### AIM OF THE TASK
Everything in the listing below has to be repeated exactly, except the pictures.

### COLLECTED DATA
╭──

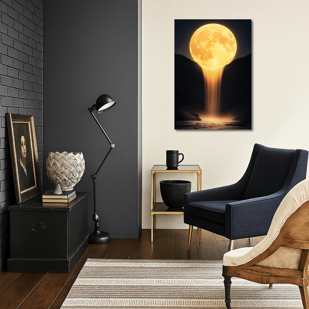 Moon Poster: Shining Waterfall of Moon in Dark Night. Incredible Wall Art for Dreamers. See more from the collection: Mixed Wall Art
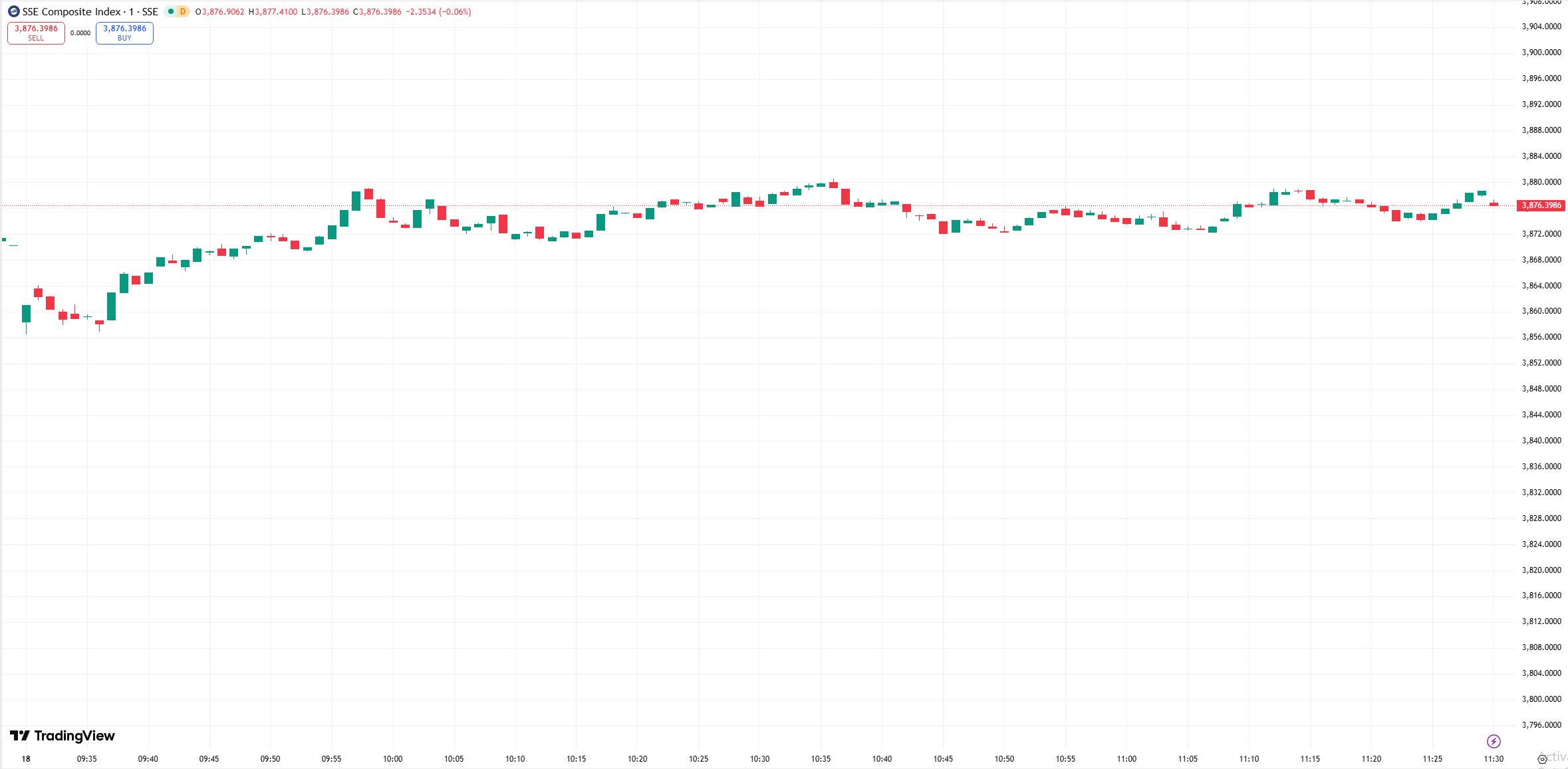 Mainland China indices showed mixed performance in early trading. The Shanghai Composite opened lower but rebounded, while the Shenzhen Component and ChiNext recovered briefly before turning lower again.
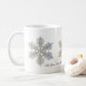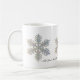 This design features faux glitter-look snowflakes on a light background with customizable text for you to add your name or other information. Or if you prefer, you can delete one or both text fields.
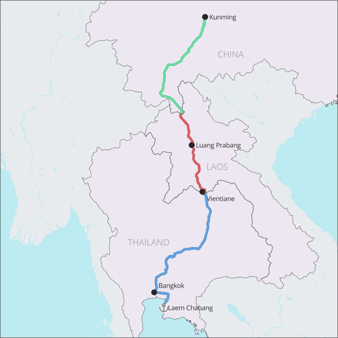 Is de lijn van China door Laos niet zeer recent geopend? Tussen Thailand en China is er volgens mij geen spoorverbinding.

╰──

### SOLUTION TO THIS TASK
 Moon Poster: Shining Waterfall of Moon in Dark Night. Incredible Wall Art for Dreamers. See more from the collection: Mixed Wall Art
 Mainland China indices showed mixed performance in early trading. The Shanghai Composite opened lower but rebounded, while the Shenzhen Component and ChiNext recovered briefly before turning lower again.
 This design features faux glitter-look snowflakes on a light background with customizable text for you to add your name or other information. Or if you prefer, you can delete one or both text fields.
 Is de lijn van China door Laos niet zeer recent geopend? Tussen Thailand en China is er volgens mij geen spoorverbinding.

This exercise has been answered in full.